Benefits of a Corporation
- All owners are 100% protected from personal liability
- As its own, separate entity, a corporation can live on and transcend owners
- It’s easier to raise capital through investors, banks, or going public
Disadvantages
- Forming a corporation is expensive, time-consuming, and requires a lot of paperwork
- Your management, operating, and reporting procedures are heavily regulated — limiting your flexibility as a small retail business
- Double taxation. Corporate profits are taxed through the corporation and then a second time, in the form of wages or dividends, on your personal income tax
Other Options
S corporation: If your business meets certain restrictions, you can file to become an S corporation (S corp). S corps must have fewer than 100 shareholders who are all U.S. citizens and register with the federal government, in addition to your state. You still have to follow the rigid corporate operating procedures, but if you qualify for S corp status, you can pay taxes as a pass-through entity — avoiding the corporate tax rate.

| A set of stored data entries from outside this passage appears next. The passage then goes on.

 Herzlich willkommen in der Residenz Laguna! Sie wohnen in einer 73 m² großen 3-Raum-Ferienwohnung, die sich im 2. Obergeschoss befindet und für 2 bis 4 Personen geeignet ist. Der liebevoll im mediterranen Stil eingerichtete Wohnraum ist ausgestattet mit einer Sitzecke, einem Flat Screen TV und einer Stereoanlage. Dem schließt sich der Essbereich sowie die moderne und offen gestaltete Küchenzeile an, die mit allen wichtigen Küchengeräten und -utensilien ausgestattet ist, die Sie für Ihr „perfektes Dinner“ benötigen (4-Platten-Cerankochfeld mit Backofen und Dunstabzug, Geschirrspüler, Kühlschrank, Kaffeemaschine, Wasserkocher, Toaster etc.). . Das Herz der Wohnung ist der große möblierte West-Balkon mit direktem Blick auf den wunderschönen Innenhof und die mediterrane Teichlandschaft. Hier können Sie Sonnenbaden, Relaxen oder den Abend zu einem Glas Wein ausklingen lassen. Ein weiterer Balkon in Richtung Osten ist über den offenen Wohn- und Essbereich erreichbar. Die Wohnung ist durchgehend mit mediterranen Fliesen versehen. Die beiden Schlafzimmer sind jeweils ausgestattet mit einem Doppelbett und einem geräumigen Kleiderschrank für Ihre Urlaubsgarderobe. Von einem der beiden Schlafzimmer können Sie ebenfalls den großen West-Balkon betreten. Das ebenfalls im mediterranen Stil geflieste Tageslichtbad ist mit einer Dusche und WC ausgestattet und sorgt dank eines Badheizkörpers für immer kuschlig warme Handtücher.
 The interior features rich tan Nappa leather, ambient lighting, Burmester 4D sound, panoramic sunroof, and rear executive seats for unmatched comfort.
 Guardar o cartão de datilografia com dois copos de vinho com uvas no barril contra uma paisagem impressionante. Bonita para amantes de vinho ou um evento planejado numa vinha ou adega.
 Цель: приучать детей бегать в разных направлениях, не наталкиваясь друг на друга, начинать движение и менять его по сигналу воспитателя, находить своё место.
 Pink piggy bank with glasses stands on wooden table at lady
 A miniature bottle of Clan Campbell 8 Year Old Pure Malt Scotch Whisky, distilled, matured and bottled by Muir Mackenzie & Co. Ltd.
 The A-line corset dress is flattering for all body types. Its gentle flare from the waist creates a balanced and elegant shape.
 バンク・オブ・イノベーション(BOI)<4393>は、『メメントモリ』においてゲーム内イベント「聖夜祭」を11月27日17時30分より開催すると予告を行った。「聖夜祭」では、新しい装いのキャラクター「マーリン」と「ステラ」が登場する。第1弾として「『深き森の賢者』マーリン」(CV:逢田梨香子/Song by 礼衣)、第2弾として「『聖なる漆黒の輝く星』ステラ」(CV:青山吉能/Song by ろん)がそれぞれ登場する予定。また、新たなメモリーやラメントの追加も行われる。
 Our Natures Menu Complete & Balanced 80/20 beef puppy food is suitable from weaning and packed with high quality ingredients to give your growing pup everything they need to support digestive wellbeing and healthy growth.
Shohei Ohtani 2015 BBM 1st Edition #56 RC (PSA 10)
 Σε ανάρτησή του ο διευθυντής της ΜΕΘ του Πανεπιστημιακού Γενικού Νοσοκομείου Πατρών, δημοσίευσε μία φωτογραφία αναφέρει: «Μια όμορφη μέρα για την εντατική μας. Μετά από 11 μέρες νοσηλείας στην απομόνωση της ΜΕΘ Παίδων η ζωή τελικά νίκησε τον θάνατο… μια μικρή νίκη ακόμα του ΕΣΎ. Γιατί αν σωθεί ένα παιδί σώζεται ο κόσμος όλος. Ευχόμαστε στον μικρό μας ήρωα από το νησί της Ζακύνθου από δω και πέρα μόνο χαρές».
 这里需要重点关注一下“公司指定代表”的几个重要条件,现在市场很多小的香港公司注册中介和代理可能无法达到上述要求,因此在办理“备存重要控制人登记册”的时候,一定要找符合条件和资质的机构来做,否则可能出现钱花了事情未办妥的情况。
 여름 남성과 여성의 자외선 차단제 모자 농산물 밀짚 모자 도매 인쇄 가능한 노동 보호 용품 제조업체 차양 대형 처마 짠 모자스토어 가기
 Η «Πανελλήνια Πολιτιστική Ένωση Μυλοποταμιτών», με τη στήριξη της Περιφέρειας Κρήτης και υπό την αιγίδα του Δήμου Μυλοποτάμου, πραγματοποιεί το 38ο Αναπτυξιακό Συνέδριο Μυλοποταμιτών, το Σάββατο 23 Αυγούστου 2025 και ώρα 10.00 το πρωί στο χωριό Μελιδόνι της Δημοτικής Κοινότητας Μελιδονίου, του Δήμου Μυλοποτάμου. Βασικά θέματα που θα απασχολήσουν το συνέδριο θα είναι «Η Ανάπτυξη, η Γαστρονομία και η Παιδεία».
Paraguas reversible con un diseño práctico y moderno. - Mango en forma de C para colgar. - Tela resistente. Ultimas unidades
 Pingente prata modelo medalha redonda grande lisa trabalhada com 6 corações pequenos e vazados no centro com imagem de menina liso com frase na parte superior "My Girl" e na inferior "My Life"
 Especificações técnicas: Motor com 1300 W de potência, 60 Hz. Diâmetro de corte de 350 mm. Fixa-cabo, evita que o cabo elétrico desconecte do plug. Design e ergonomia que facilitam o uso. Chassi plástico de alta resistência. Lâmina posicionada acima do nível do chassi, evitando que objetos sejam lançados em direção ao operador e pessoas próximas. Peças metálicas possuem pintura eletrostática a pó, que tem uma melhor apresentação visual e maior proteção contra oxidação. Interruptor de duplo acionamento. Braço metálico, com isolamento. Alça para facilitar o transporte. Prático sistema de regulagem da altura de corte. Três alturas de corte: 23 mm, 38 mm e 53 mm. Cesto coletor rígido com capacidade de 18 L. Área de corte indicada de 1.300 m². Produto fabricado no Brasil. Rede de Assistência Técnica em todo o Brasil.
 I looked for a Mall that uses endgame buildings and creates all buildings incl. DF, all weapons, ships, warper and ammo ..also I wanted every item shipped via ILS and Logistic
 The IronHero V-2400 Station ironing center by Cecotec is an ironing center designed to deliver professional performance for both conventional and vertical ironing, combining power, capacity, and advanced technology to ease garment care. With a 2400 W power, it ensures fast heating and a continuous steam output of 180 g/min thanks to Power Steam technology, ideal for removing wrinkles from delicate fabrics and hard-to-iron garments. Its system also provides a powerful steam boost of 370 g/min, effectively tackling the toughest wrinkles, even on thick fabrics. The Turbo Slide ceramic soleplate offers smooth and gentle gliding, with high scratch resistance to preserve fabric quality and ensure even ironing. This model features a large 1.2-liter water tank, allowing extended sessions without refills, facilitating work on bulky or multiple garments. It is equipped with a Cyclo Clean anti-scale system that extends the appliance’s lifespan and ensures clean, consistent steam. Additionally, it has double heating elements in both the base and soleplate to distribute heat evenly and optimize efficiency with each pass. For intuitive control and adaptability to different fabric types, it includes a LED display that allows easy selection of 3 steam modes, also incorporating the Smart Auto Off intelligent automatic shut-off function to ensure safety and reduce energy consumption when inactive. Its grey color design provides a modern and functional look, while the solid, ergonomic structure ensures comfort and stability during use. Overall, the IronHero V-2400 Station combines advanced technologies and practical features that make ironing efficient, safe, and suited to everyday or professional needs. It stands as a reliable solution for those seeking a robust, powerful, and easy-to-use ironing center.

B corporation: A benefit corporation (or B Corp) is another type of corporation for businesses that operate for both mission and profit. There aren’t any tax benefits to registering as a B Corp, but if your retail business is dedicated to purpose, accountability, and transparency, you can register as a B Corp.
Best Suited For:
If your retail business has aspirations of substantial growth, franchising, licensing, or raising outside capital, incorporating is the best way to go. Additionally, if you qualify for S corp status, a corporation is a good option.
How to Form a Corporation
- Choose an available name for your business
- Appoint directors for your new corporation
- File your Articles of Incorporation and pay the filing fee
- Write your corporate by-laws, outlining the operating procedures and rules for your business
- Hold an initial board of directors meeting
- Issue stock certificates to all shareholders
If you’re looking for more detail on these steps, see Nolo’s guide on How to Form a Corporation. Given the complexity and cost of incorporating, we recommend working with an attorney, too, to help you through the process.
The Best Legal Structure for Your Retail Business
Choosing the right legal structure is a vital part of establishing your new retail business. Your business’ structure determines how (and how much) you pay taxes, your personal liability in the event of legal issues or debts, and a whole host of other important factors. So, ensure you’re choosing the right legal structure for your retail business.